GIVEN DATA: Begin

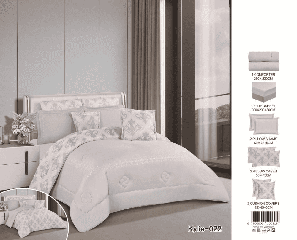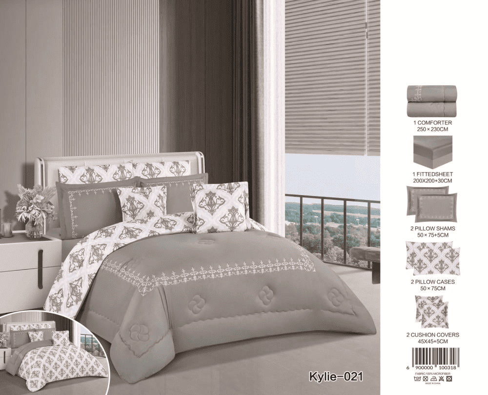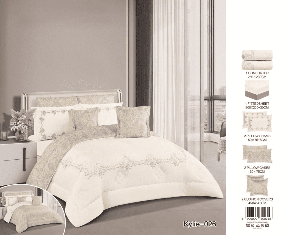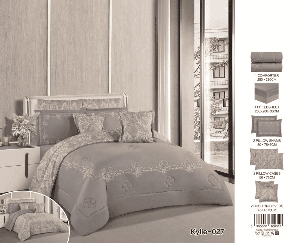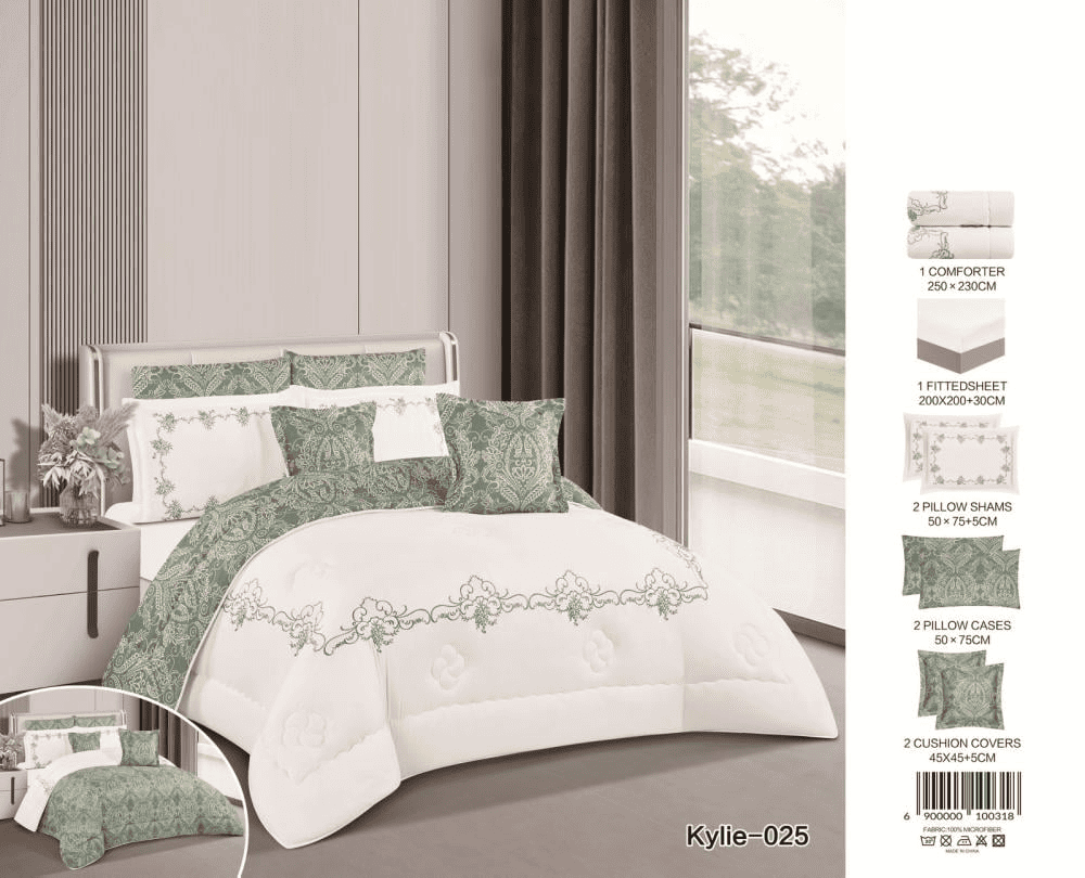 • 1 لحاف 250×230، 1 شرشف مطاط 200×200×30، 4 كيس مخدة كبير، 2 مخدة مربعة
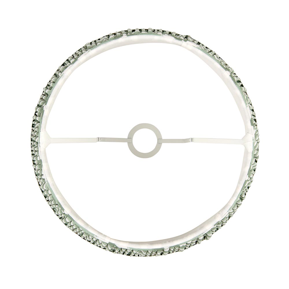 40cm tapered shade with reversible white gimbal. Zigzag pattern in Cotswold green colour with taped edge detailing and plain inner lining.
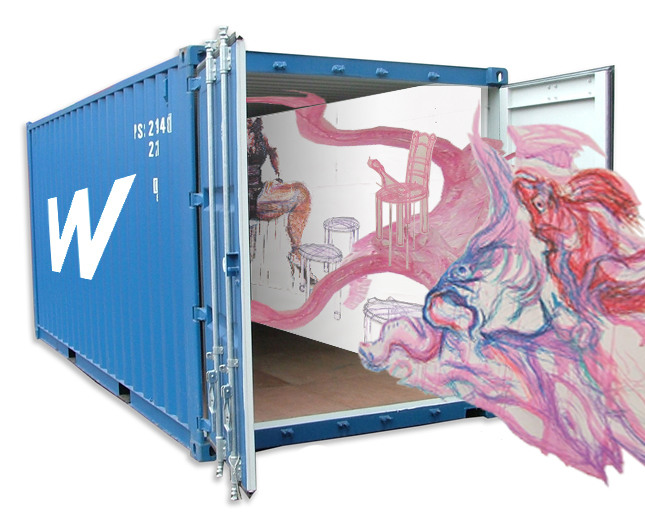 L’association Welchrome a invité l’artiste Alfonse Dagada à réaliser un wall drawing pour l’événement Sea you soon qui se déroule du 11 au 14 juillet à l’occasion de la 6ème Fête de la mer à Boulogne-sur-mer. L’artiste intervient à l’intérieur d’un container en dessinant de son trait incisif et coloré un wall drawing proliférant qui déborde vers l’extérieur. Réalisé principalement au crayon de couleur et à l’encre, ce dessin spectaculaire par ses dimensions représente une coulée de créatures marines à la fois séduisantes et repoussantes. Ces poissons et autres mollusques se déversent sur des éléments construits comme des maisons ou des meubles. Ce « tsunami nourricier » incarne l’ambivalence de l’élément marin, synonyme de ressources mais aussi de dangers.

GIVEN DATA: End

#### [WHAT TO PRODUCE]
Could the data be reproduced exactly, with the pictures omitted?

#### [RESPONSE]
 • 1 لحاف 250×230، 1 شرشف مطاط 200×200×30، 4 كيس مخدة كبير، 2 مخدة مربعة
 40cm tapered shade with reversible white gimbal. Zigzag pattern in Cotswold green colour with taped edge detailing and plain inner lining.
 L’association Welchrome a invité l’artiste Alfonse Dagada à réaliser un wall drawing pour l’événement Sea you soon qui se déroule du 11 au 14 juillet à l’occasion de la 6ème Fête de la mer à Boulogne-sur-mer. L’artiste intervient à l’intérieur d’un container en dessinant de son trait incisif et coloré un wall drawing proliférant qui déborde vers l’extérieur. Réalisé principalement au crayon de couleur et à l’encre, ce dessin spectaculaire par ses dimensions représente une coulée de créatures marines à la fois séduisantes et repoussantes. Ces poissons et autres mollusques se déversent sur des éléments construits comme des maisons ou des meubles. Ce « tsunami nourricier » incarne l’ambivalence de l’élément marin, synonyme de ressources mais aussi de dangers.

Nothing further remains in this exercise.